*** Opening Data under study ***
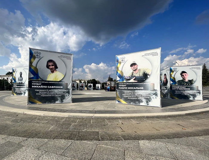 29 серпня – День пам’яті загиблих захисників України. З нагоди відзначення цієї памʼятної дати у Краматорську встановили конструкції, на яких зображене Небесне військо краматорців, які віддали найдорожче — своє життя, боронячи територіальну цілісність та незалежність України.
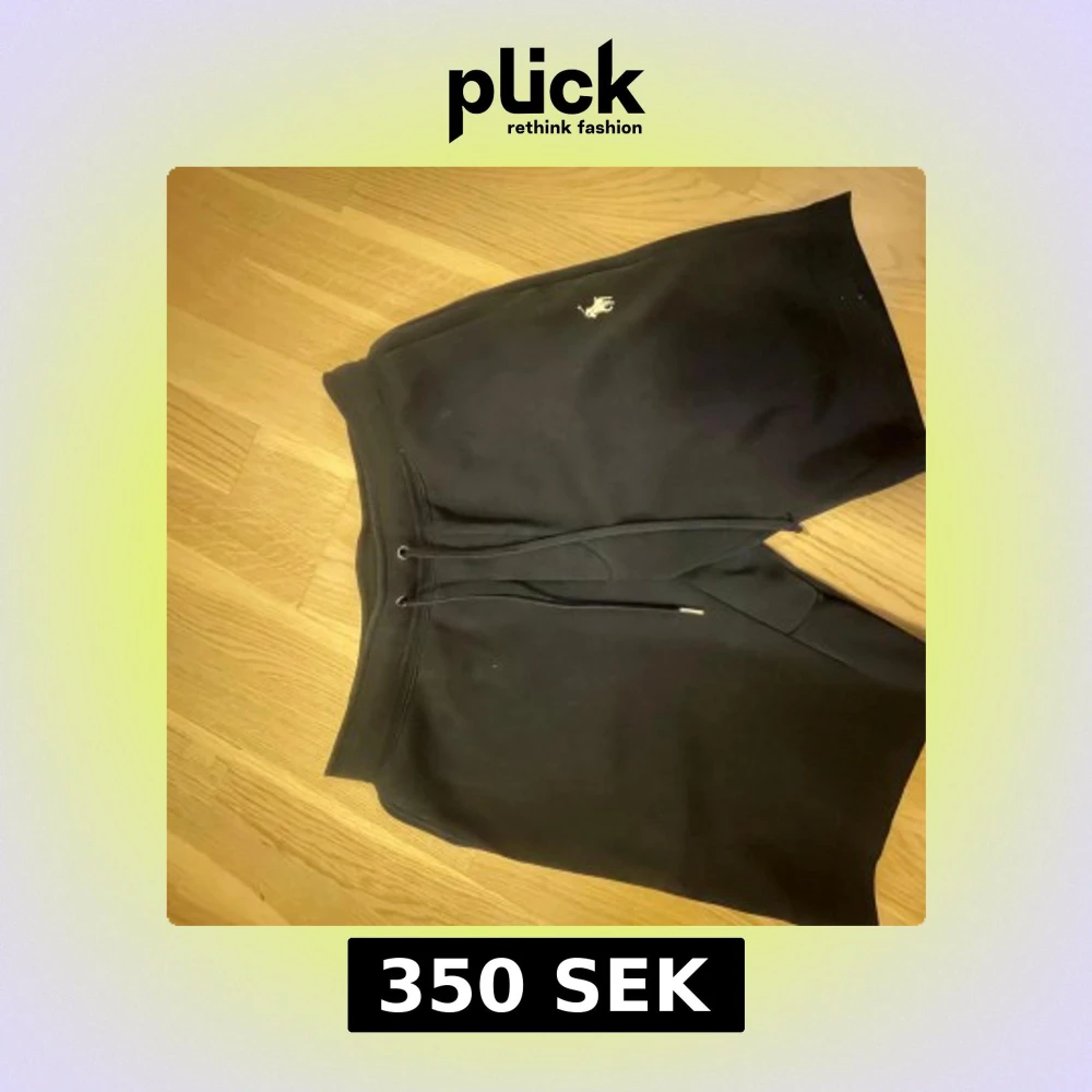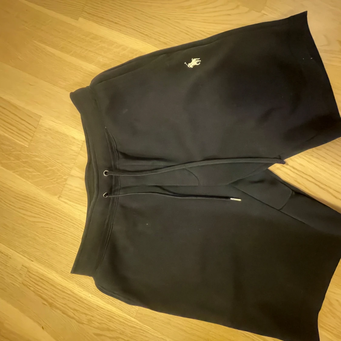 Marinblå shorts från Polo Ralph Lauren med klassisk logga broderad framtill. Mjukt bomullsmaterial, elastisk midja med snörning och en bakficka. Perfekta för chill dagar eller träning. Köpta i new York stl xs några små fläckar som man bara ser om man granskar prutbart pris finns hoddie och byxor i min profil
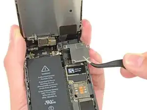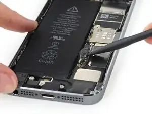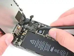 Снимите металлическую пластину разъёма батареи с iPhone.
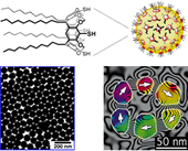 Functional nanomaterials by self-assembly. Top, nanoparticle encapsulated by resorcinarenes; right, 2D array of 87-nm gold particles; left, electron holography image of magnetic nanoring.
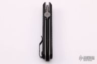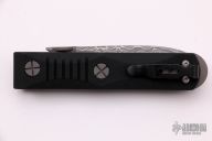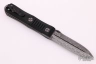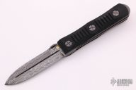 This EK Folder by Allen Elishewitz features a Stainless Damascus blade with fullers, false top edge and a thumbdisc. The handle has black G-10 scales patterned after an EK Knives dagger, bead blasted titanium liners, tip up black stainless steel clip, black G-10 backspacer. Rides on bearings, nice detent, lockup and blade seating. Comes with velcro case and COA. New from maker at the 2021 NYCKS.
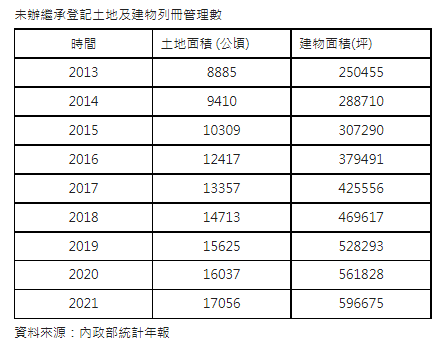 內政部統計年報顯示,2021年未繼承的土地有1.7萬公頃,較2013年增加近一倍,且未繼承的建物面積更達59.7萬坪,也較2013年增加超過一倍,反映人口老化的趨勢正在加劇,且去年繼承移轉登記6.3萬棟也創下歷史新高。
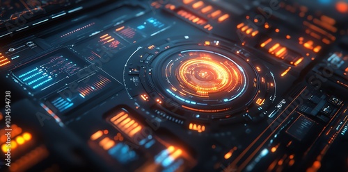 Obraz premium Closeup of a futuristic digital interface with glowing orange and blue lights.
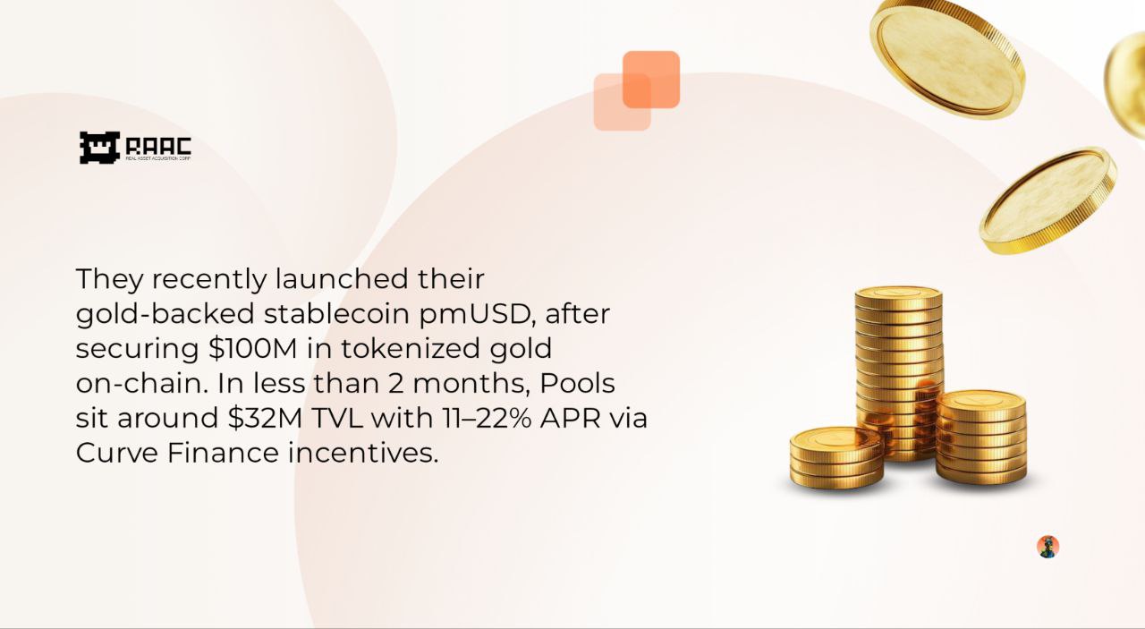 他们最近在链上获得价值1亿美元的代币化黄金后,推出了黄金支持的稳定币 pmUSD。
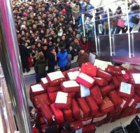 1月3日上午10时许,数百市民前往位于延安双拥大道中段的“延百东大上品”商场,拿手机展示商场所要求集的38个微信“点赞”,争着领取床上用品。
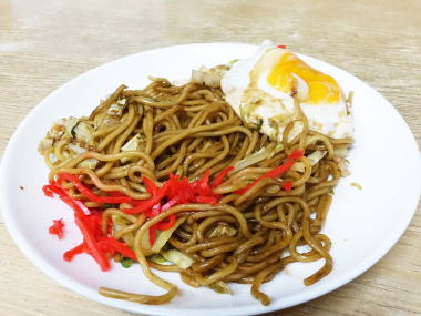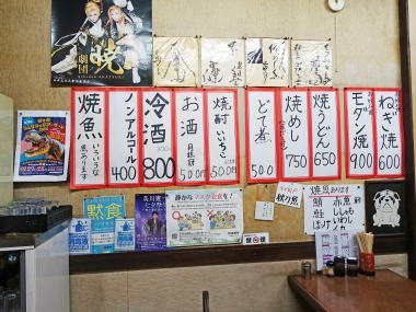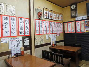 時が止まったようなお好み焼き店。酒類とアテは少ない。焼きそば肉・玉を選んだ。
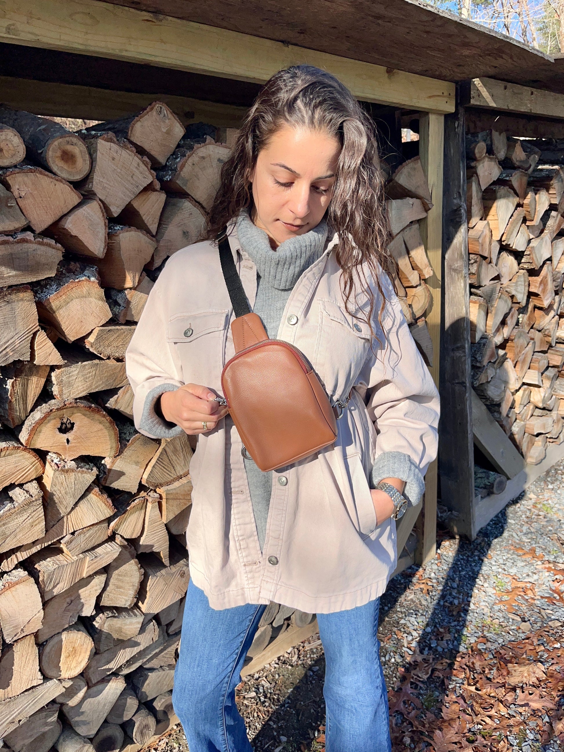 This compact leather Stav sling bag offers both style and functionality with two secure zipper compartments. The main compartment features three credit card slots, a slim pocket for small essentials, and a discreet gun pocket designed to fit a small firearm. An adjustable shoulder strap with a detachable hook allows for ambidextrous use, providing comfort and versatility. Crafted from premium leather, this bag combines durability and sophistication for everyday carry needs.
*** Closing Data under study ***
Work to be completed → Skip the pictures and give the entries above again word for word.

Worked solution →
 29 серпня – День пам’яті загиблих захисників України. З нагоди відзначення цієї памʼятної дати у Краматорську встановили конструкції, на яких зображене Небесне військо краматорців, які віддали найдорожче — своє життя, боронячи територіальну цілісність та незалежність України.
 Marinblå shorts från Polo Ralph Lauren med klassisk logga broderad framtill. Mjukt bomullsmaterial, elastisk midja med snörning och en bakficka. Perfekta för chill dagar eller träning. Köpta i new York stl xs några små fläckar som man bara ser om man granskar prutbart pris finns hoddie och byxor i min profil
 Снимите металлическую пластину разъёма батареи с iPhone.
 Functional nanomaterials by self-assembly. Top, nanoparticle encapsulated by resorcinarenes; right, 2D array of 87-nm gold particles; left, electron holography image of magnetic nanoring.
 This EK Folder by Allen Elishewitz features a Stainless Damascus blade with fullers, false top edge and a thumbdisc. The handle has black G-10 scales patterned after an EK Knives dagger, bead blasted titanium liners, tip up black stainless steel clip, black G-10 backspacer. Rides on bearings, nice detent, lockup and blade seating. Comes with velcro case and COA. New from maker at the 2021 NYCKS.
 內政部統計年報顯示,2021年未繼承的土地有1.7萬公頃,較2013年增加近一倍,且未繼承的建物面積更達59.7萬坪,也較2013年增加超過一倍,反映人口老化的趨勢正在加劇,且去年繼承移轉登記6.3萬棟也創下歷史新高。
 Obraz premium Closeup of a futuristic digital interface with glowing orange and blue lights.
 他们最近在链上获得价值1亿美元的代币化黄金后,推出了黄金支持的稳定币 pmUSD。
 1月3日上午10时许,数百市民前往位于延安双拥大道中段的“延百东大上品”商场,拿手机展示商场所要求集的38个微信“点赞”,争着领取床上用品。
 時が止まったようなお好み焼き店。酒類とアテは少ない。焼きそば肉・玉を選んだ。
 This compact leather Stav sling bag offers both style and functionality with two secure zipper compartments. The main compartment features three credit card slots, a slim pocket for small essentials, and a discreet gun pocket designed to fit a small firearm. An adjustable shoulder strap with a detachable hook allows for ambidextrous use, providing comfort and versatility. Crafted from premium leather, this bag combines durability and sophistication for everyday carry needs.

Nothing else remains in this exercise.